● Your goal
Please copy out the entries below exactly, beginning with the line that contains "甘李藥業(yè)(60308" and ending with the line that contains "are executing properly", and include nothing outside that span.

● Input data
====

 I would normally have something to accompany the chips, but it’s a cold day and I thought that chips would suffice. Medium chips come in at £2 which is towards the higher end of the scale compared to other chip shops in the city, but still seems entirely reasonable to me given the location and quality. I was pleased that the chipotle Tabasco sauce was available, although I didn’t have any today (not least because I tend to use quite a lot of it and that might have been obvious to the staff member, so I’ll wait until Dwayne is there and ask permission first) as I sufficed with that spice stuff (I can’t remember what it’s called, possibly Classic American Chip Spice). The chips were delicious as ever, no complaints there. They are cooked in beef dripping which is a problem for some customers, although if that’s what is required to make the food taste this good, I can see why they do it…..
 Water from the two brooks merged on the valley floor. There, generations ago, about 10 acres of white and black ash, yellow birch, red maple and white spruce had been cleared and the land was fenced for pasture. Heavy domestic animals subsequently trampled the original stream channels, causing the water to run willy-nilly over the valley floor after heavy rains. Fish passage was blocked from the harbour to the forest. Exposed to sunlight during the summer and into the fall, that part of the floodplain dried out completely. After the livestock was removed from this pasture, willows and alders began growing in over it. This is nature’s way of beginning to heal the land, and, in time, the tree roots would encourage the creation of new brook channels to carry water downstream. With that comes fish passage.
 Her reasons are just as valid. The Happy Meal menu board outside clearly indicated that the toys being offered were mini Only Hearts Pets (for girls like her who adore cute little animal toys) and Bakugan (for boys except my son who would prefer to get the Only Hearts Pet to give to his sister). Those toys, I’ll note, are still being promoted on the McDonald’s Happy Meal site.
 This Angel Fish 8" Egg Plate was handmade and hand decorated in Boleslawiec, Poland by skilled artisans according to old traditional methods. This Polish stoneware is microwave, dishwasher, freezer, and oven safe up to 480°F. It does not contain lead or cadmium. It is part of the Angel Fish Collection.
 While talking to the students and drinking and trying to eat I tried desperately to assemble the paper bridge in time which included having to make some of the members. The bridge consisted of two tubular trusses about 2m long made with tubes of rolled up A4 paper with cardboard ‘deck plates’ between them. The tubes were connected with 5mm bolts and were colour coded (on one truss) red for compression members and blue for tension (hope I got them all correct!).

====

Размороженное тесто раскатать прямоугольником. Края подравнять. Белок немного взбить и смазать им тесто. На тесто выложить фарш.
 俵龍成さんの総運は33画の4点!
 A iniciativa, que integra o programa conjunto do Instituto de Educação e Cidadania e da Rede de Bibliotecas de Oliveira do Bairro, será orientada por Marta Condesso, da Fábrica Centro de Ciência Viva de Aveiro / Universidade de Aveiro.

====

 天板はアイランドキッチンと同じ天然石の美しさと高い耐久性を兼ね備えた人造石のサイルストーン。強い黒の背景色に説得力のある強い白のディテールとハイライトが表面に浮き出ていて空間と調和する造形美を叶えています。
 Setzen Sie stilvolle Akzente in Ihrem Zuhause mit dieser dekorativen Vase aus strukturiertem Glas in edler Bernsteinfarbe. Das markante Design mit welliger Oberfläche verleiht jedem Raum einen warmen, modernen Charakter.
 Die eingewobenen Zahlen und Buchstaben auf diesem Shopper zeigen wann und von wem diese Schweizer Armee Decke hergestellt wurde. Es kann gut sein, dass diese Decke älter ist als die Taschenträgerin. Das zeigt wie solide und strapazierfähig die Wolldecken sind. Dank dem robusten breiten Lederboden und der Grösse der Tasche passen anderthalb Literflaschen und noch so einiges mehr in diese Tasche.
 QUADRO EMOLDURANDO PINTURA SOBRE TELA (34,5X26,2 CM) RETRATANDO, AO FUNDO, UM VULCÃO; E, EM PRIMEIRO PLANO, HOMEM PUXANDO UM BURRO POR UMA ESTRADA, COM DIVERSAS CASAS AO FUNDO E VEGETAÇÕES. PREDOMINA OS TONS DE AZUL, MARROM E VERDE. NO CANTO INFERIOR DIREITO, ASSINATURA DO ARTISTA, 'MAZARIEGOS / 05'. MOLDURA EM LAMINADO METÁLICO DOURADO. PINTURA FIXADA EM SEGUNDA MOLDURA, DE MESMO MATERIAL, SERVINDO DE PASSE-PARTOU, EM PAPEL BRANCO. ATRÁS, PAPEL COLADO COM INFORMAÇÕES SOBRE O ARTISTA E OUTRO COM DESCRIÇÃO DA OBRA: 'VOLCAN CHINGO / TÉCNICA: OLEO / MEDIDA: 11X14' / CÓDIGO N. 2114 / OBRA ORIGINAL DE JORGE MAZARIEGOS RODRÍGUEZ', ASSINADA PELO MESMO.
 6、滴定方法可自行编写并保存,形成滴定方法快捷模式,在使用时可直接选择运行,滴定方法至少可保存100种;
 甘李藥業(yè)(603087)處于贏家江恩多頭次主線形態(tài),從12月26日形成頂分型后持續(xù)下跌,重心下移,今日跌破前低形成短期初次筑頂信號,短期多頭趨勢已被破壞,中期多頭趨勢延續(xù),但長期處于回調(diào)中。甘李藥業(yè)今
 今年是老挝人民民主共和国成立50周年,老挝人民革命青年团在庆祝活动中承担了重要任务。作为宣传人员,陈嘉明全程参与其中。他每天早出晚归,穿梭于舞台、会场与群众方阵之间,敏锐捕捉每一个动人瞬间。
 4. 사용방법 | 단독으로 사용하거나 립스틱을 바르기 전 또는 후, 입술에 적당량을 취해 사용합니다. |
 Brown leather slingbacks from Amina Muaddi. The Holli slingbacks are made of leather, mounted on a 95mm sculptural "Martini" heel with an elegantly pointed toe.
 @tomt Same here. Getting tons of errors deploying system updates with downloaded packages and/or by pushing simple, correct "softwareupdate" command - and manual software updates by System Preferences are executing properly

====

● Response
 甘李藥業(yè)(603087)處于贏家江恩多頭次主線形態(tài),從12月26日形成頂分型后持續(xù)下跌,重心下移,今日跌破前低形成短期初次筑頂信號,短期多頭趨勢已被破壞,中期多頭趨勢延續(xù),但長期處于回調(diào)中。甘李藥業(yè)今
 今年是老挝人民民主共和国成立50周年,老挝人民革命青年团在庆祝活动中承担了重要任务。作为宣传人员,陈嘉明全程参与其中。他每天早出晚归,穿梭于舞台、会场与群众方阵之间,敏锐捕捉每一个动人瞬间。
 4. 사용방법 | 단독으로 사용하거나 립스틱을 바르기 전 또는 후, 입술에 적당량을 취해 사용합니다. |
 Brown leather slingbacks from Amina Muaddi. The Holli slingbacks are made of leather, mounted on a 95mm sculptural "Martini" heel with an elegantly pointed toe.
 @tomt Same here. Getting tons of errors deploying system updates with downloaded packages and/or by pushing simple, correct "softwareupdate" command - and manual software updates by System Preferences are executing properly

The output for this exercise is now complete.